“我们把她的腰带扯下来,其余的部位可以直接撕开。”

    “嗯,她的三围水准至少是萝莉的6倍。”

    “当然,如果时间不紧迫,我们可以先捆绑起来调教一下,那样会更加持久和享受。”

    “嗯,她的感觉紧绷绷,各种体位就像章鱼一样让人透不过气来……”

    好吧上述是我的胡言乱语的yy。

    她微微张开的樱唇,欲言却止的样子,似乎是因为我之前是盯着她的书,而不是她的人而有些不知所措。

    呆默无语好一会才出声道。

    “有什么不妥么……”

    声线很软也让人很舒服,明明说的是广府官话,却让人有一种在听吴侬软语的感觉。

    “极大的不妥……”

    我顺着话头赶忙道下去。

    “这是何等反人类反社会的作品啊……”

    “……”

    她愣了一下,显然没想到我居然会和她讨论书籍,而不是其他的东西。

    “你觉得天上仙人的生活是怎么样的……”

    “长生不老带来的必然是清净寡淡或是所欲无求……”

    “要是和凡人一样勾心斗角,为了一点情仇爱恨,纠缠不休的话,那天上地下,还真的永无宁日了……”

    “所以这书中是极为可笑的。”

    “用一个凡夫俗子的眼界和利害得失,去妄想一个神仙的爱欲情仇。”

    “。
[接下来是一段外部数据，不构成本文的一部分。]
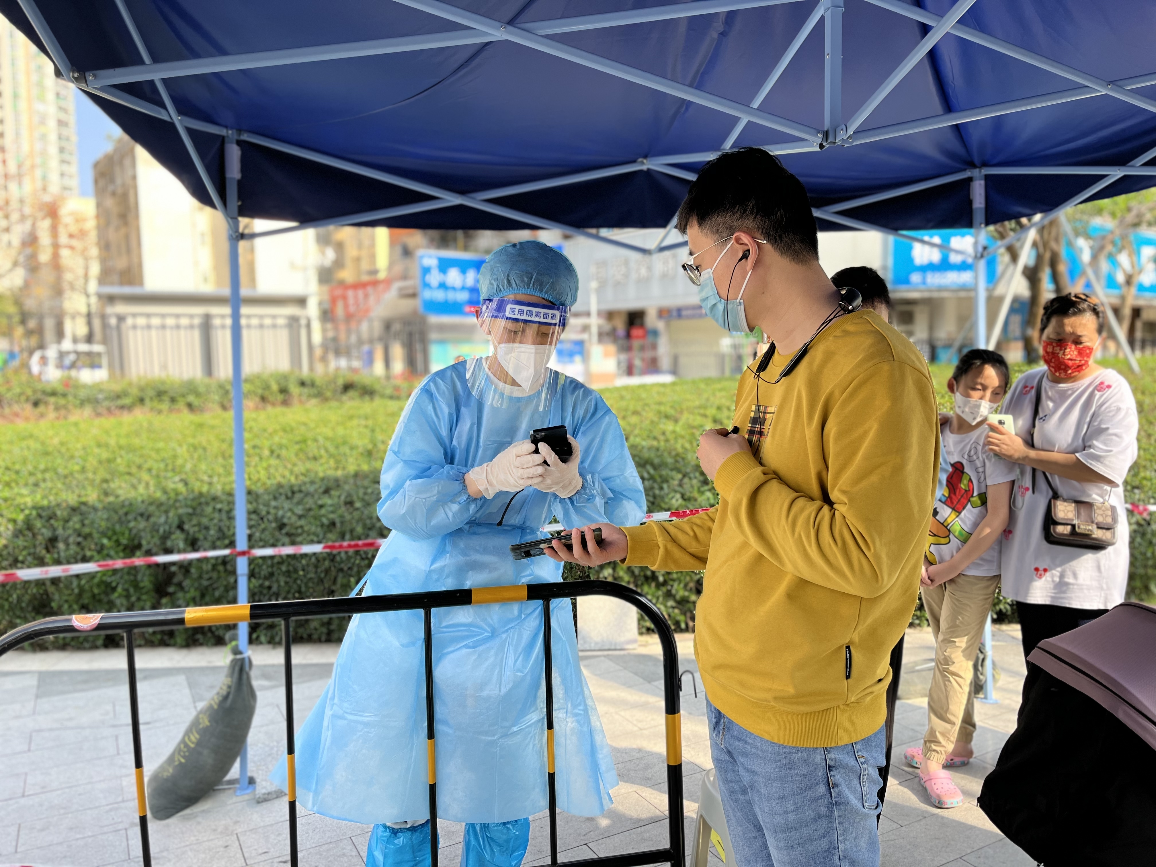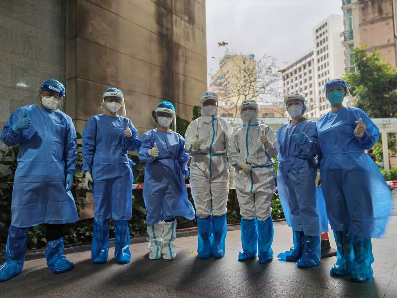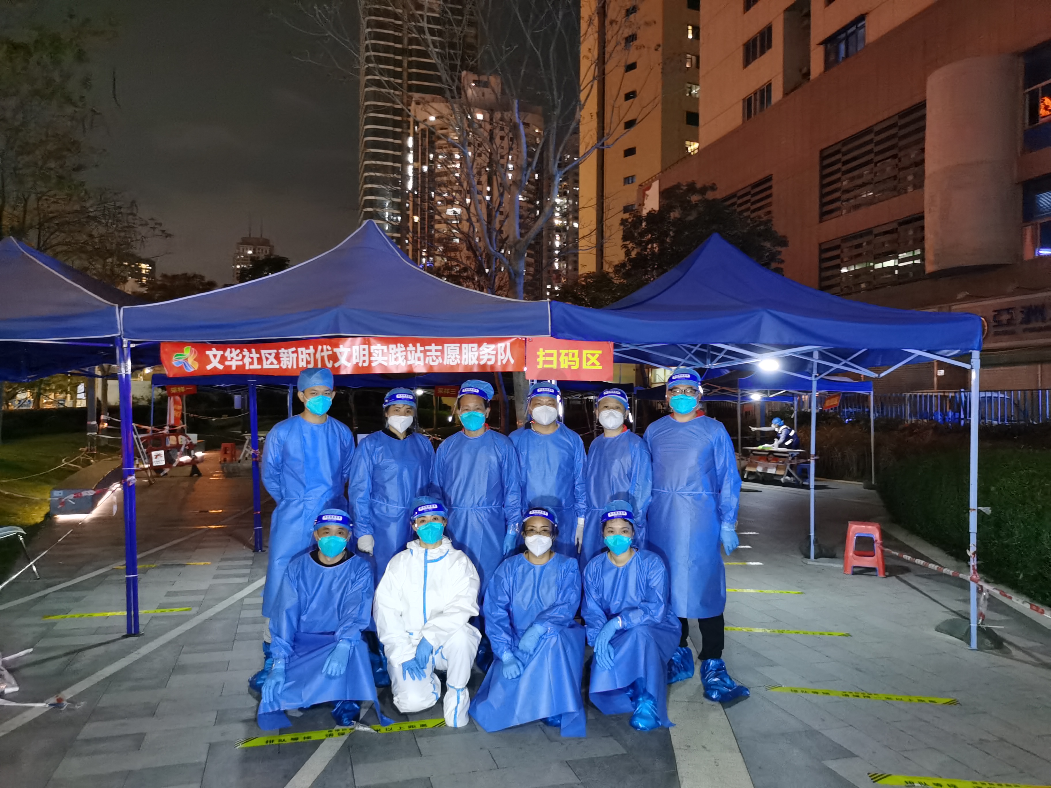 充分发挥党组织的战斗堡垒作用和党员先锋模范作用,按照每个核酸点每日5人为一班次的工作强度,文华一条街、文锦花卉公园、文华大厦地铁口、向西华侨新村等重要一线点位,都留下了党员志愿者“带头示范、冲锋在前”抗击疫情的身影,,他们穿上防护服,戴上面罩和防护手套,为了节省防护装备一站就是连续四个小时,不吃不喝地配合医护人员进行核酸采样的扫码工作、协助社区人员进行查验居民的健康码以及现场秩序的维持。尽管汗水在隔离衣内流淌、面罩起雾看不见脚下的路、喉咙沙哑唯有咽下口水解渴,但党员志愿者们自始至终没有迟疑或者退宿,还是面对微笑耐心地解答和帮助居民完成现场核酸采样的工作,他们不到五分钟就快速学会使用手机操作扫检测码并迅速投入到工作中,为尽力节省居民排队检测时间高强度地运作,居民的一声“谢谢”、“您们辛苦了”就像是炎热天气下的一股凉风涌进心里,让党员志愿者们倍感清凉和感动。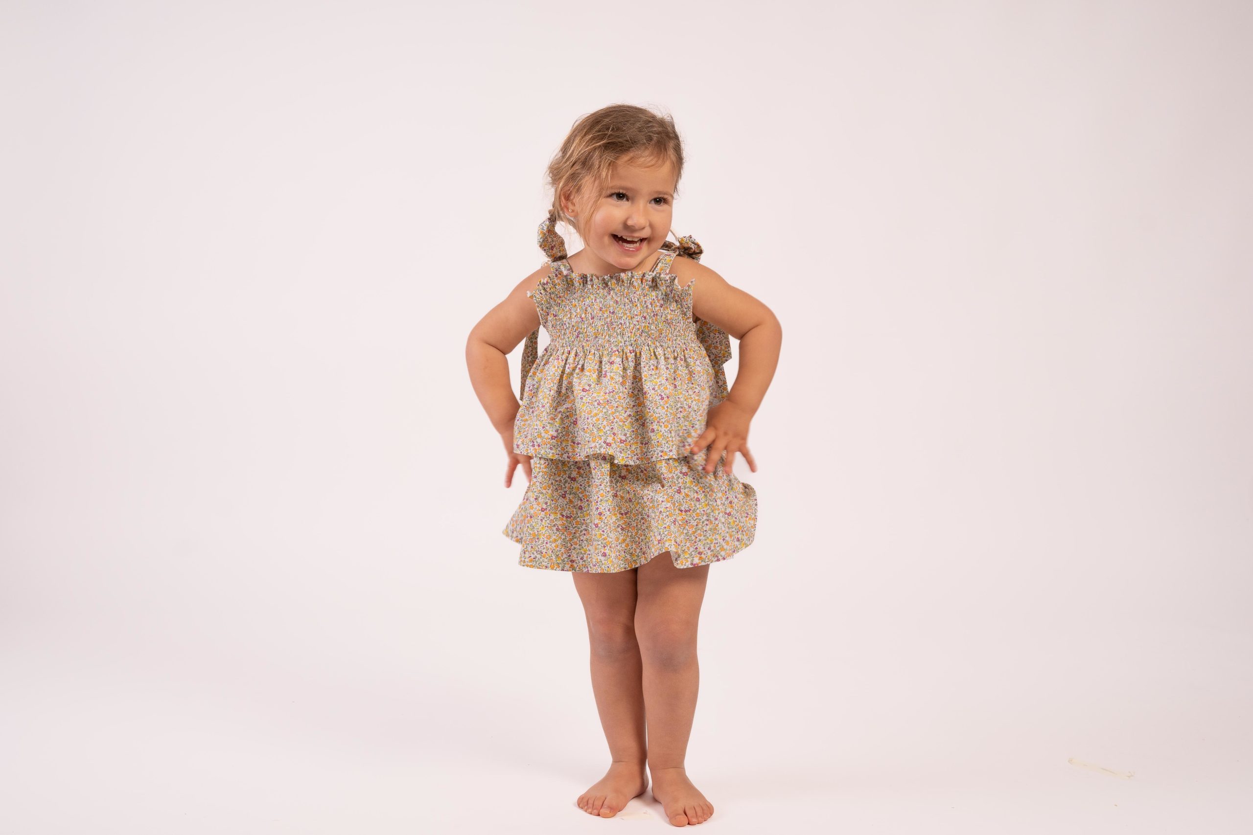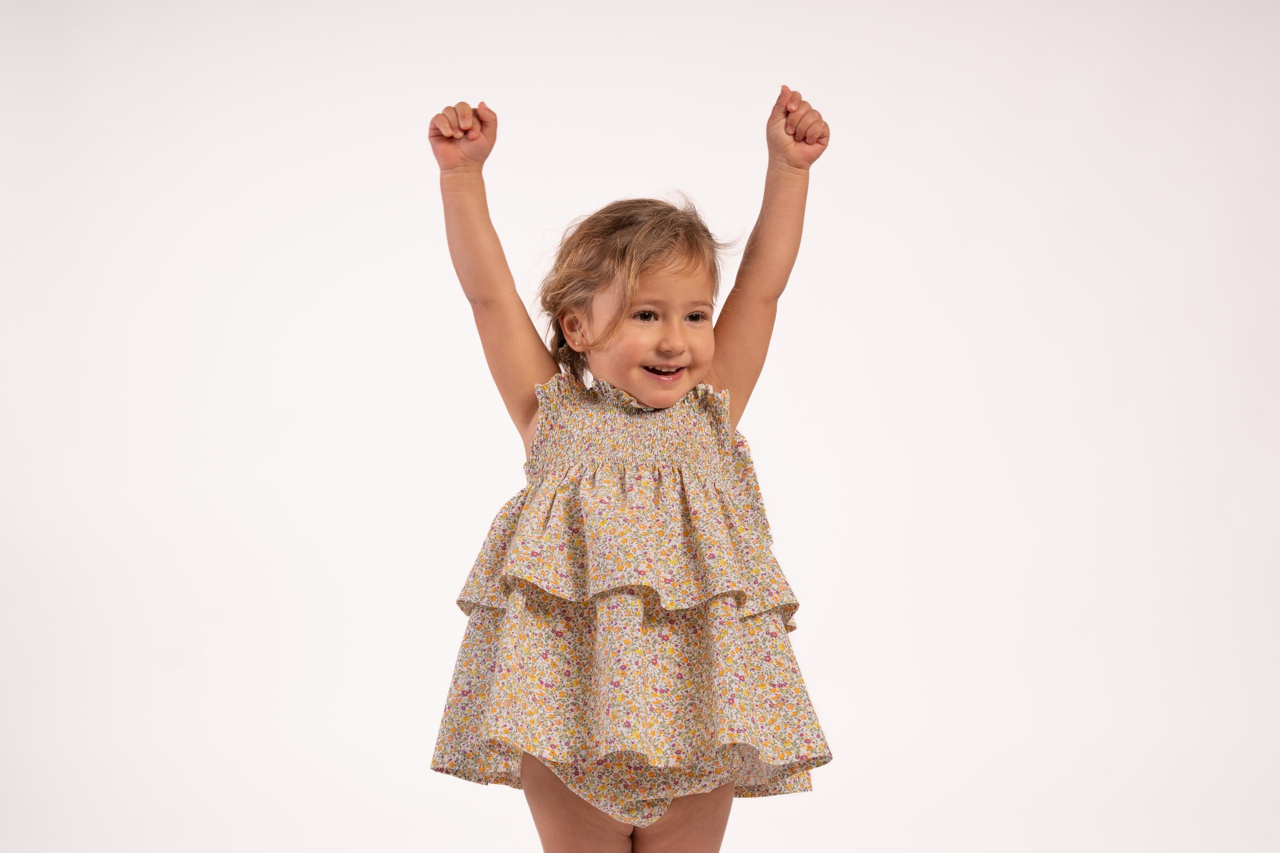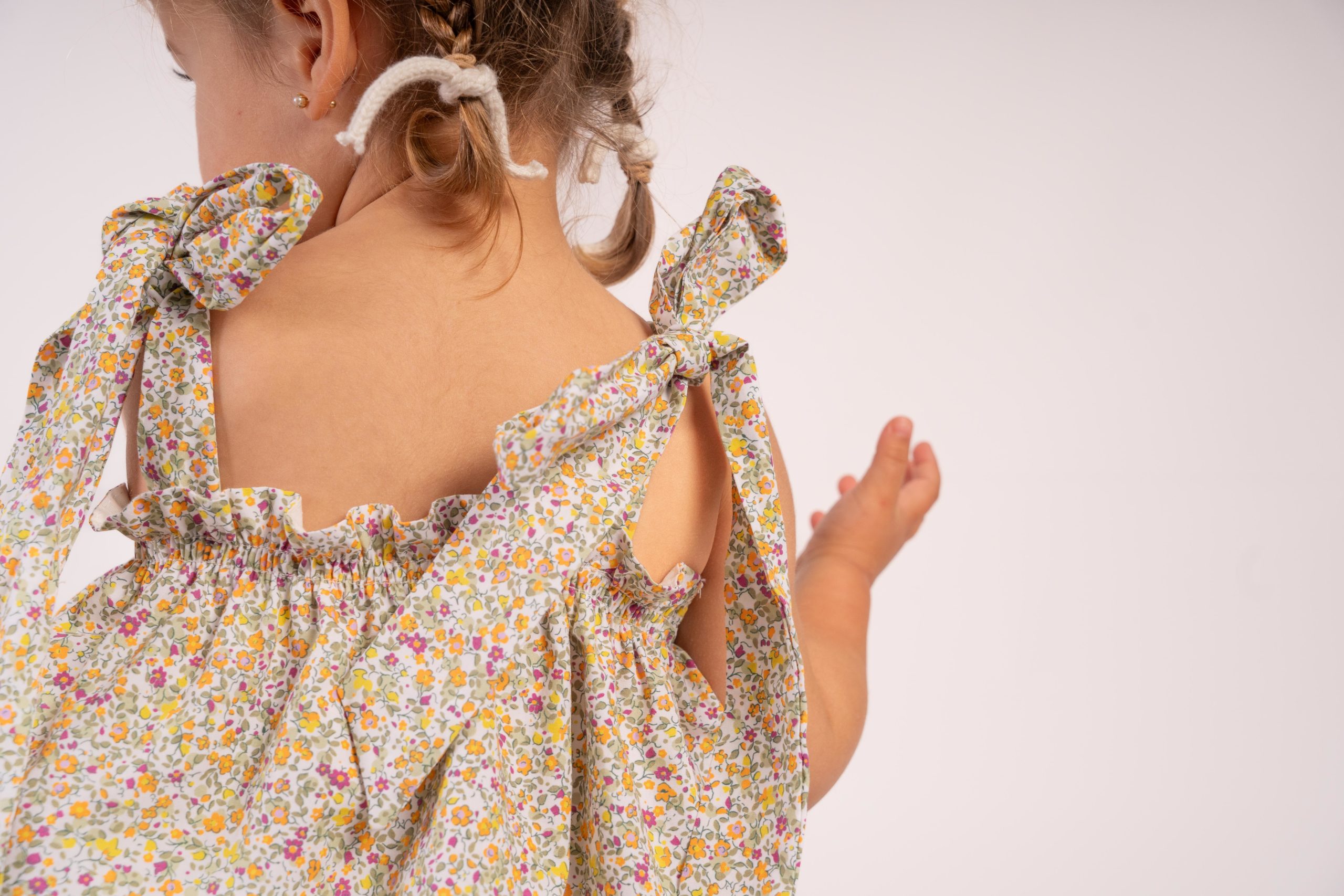 Jesusito de lazos con dos volantes en el cuerpo que lo hacen muy especial y veraniego. Tejido exclusivo para Miji de flores verdes, naranjas, amarillas y un toque lila.

不过是人生败犬的内心隐射和哀嚎而已……”

    “这种东西看了,人生都会觉得无比灰暗了……”

    “也只有那些弃妇怨妇什么的,才会喜欢通过这种虐心作品的人物纠结,来换取某种宣泄性的代入感……”

    “也就是看到那些,明显条件比自己好的书中人,境遇和结果比自身更惨,某种畸形的快意和优越感……”

    “以你的年华,应该看一些更加励志的东西啊……”

    “励志?……”

    她有些奇怪的看了我一眼,似乎又很奇怪怎么们没有人过来劝阻我一般,轻启朱唇。

    “女流之辈,也需要励志么?”

    “怎么不需要……”

    我笑了笑,只要她肯接着说话就好。

    “给自己一个长短期的目标,并从中发现自我价值和实现信念的成就感……”

    “不是说难养也么……”

    她冷不防幽然一句。

    “先圣之说,也要易时而变,与时俱进啊……”

    “所谓难养者,小儿娇弱而性未定,而女子……”

    我看了她一眼,似乎看出微微一点期待。

    “心思敏感多变,多愁善感,更爱胡思乱想,令人难以揣测的缘故……”

    “更多局限于出身环境和早就的眼界,细心有余而气魄不足,想法多而决断不够……”

    “更兼长期处于人身依附的从者地位,辗转与父兄、夫君、子女之间难有自己的主张和机会……”

    “因此所谓女子难养,绝不是圣人贬低,只是点明所出自身的局限性而已……”

    说到这里,我笑了起来。

    “圣人也是女人生出来的。只是圣人的时代,国人野人具存,国城之间遍地蛮荒,礼统教化都未成型。”

    “自然,也还没有怎么如今这么多风物演变而已……怎么可能以不变应万变的东西呢……”

    “任何人都有其长短用处,关键看所用的当,就能充分发挥其人作用和价值。”

    “女官之制,不就是因此而生的么……”

    “如今本朝朝承前统,女子涉猎甚多,而不是仅仅拘于闺房,厅堂、厨房而已……”

    “能够拘束自己的,只有你的心而已……”

    不知不觉下来放了一通嘴炮,我也扮演了一会心灵鸡汤的角色啊。

    “说得好。”

    却有人喝彩道,我才发现周围站了好些人,却是围成一圈,以女性居多。

    她们的表情各异很有些玩味之类,好像是发现了什么有趣的东西一般,轻摇团扇交头接耳的掩面而笑。